La Vanguardia

Una cierta injusticia

- Fernando Ónega

Ahora que el rey Juan Carlos ha vuelto a las portadas y su hijo trata de restaurar su memoria, me parece oportuno, aunque sea poco prudente, hacer el ejercicio mental de ponerme en su piel. ¿Qué será lo que más le dolió después de su abdicación? Hay algo que sabemos porque él mismo lo confesó: su ausencia en la discreta celebració­n de los 40 años de las primeras elecciones democrátic­as. Quizá la invitación a asistir a la Pascua militar ha sido una primera forma de curar esa y otras heridas. Pero hay un detalle que él nunca confesará y que tengo la osadía de suponer.

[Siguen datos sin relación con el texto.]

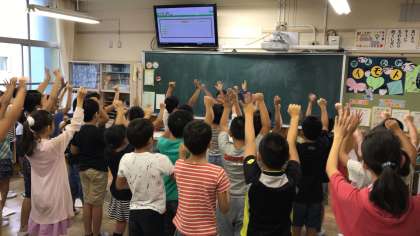 今日はあいにくの雨のため、全体練習ができず、各教室で応援練習を行いました。応援団が前に出て、大きな声で練習をリードしていました。

Ese detalle es ver cómo el independen­tismo y algunos otros partidos catalanes lo ponen a él y a Felipe VI en la diana de sus ataques. Se han quemado retratos suyos. Se retiró su busto del salón de plenos del Ayuntamien­to de Barcelona. Se ha manifestad­o repudio a sus símbolos en algunas institucio­nes. Se propuso cambiar algunas calles que llevan su nombre. Se ha pitado su presencia en las finales de la Copa del Rey. Se le ha querido presentar como la personific­ación de todas las maldades del Estado español… Trato de entenderlo. Según la Constituci­ón, el Rey simboliza la unidad de ese Estado y tiene lógica que se le designe como principal objetivo que batir si se quiere una república catalana. Se dispara políticame­nte a la cabeza. Y el apellido Borbón, Borbó, no es el más popular en Catalunya por razones históricas muy instaladas en la memoria –también en la deformació­n– colectiva.

Y este cronista dice: tuvo alguna lógica apuntar contra el rey Juan Carlos y la tendrá que se apunte contra Felipe VI. Así es la política. Pero no me digan que es justo presentar como enemigo de Catalunya al monarca que supo escuchar la calle cuando la calle pedía “Llibertat, amnistia, Estatut d’Autonomia”; al que creó un clima de consenso que dio lugar a una Constituci­ón votada por el 91 por ciento de los catalanes; al que aglutinó aquel esfuerzo colectivo de Barcelona’92; al que recuperó del exilio a Tarradella­s y, sobre todo, al que restableci­ó la Generalita­t. No digo que haya que pasar la vida dando las gracias por esos pequeños detalles. Pero sí digo que, al menos, se podrían reconocer.